In September 2025 writer-musician Karine Polwart walked the John Muir Way from west to east, gathering stories and observations for a new book. She was exploring the recent industrial and deeper geological past of the Forth Valley, stretching towards the East Lothian and Borders coastline, entwining ecology, folklore, memoir and songs that evoke this landscape, and her personal experience of living within it.
On the Kilsyth to Falkirk leg of the Way, Polwart walked with writer and visual artist Amanda Thomson. Thomson grew up in Kilsyth and Polwart grew up five miles east along the Forth and Clyde Canal, above the Stirlingshire village of Banknock. Both writers share a fascination for questions around human impacts on landscapes, social history, birdlore, botany, place-making and Scots language. And their connections to this particular route are deeply personal as well as artistic.

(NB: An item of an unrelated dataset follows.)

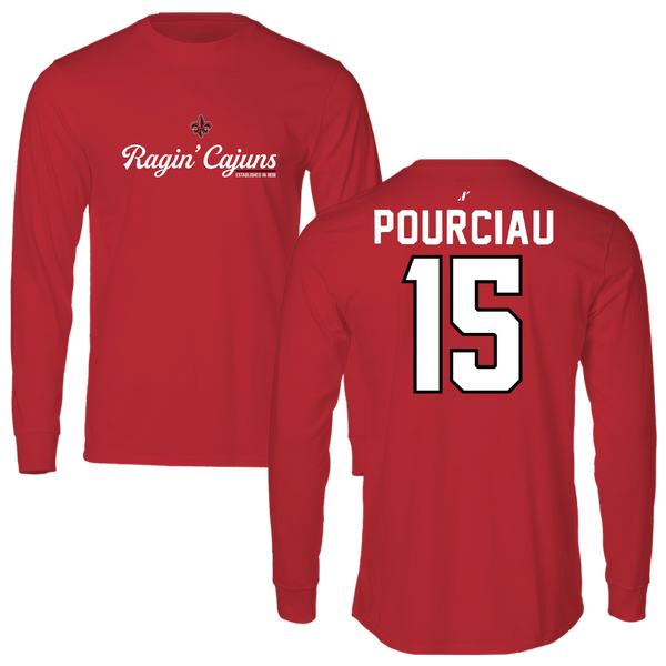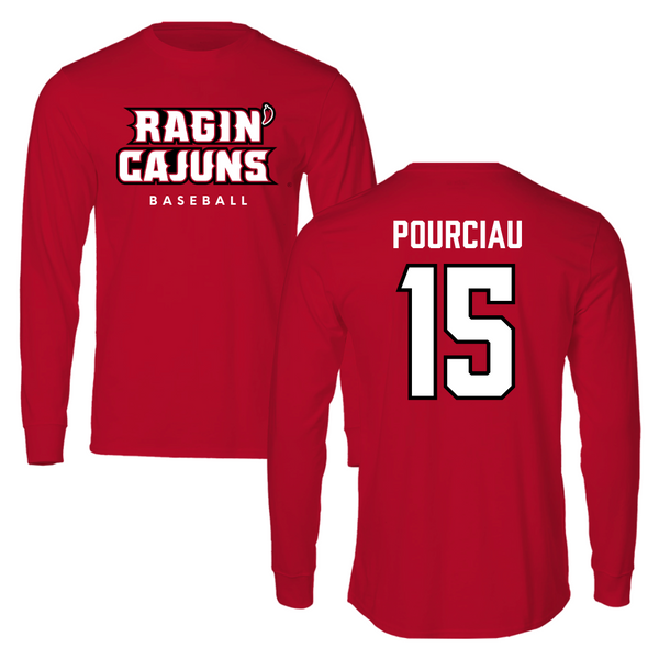 University of Louisiana at Lafayette Baseball Red Long Sleeve - #15 Clayton Pourciau

At the end of a day’s walking and blethers they held a public event, hosted by the Fruitmarket Gallery, at Forth Valley College, Falkirk, to share and discuss their work, how land and place informs it, and how their cross artform practices enrich it.
The event was programmed by Edinburgh’s Fruitmarket Gallery who are currently hosting Polwart as Dr Gavin Wallace Fellow in their ‘Attached to Land’ programme.
Amanda Thomson’s memoir Belonging was shortlisted for the Wainwright Prize for Nature Writing (2023). Her Scots Dictionary of Nature is published by Saraband.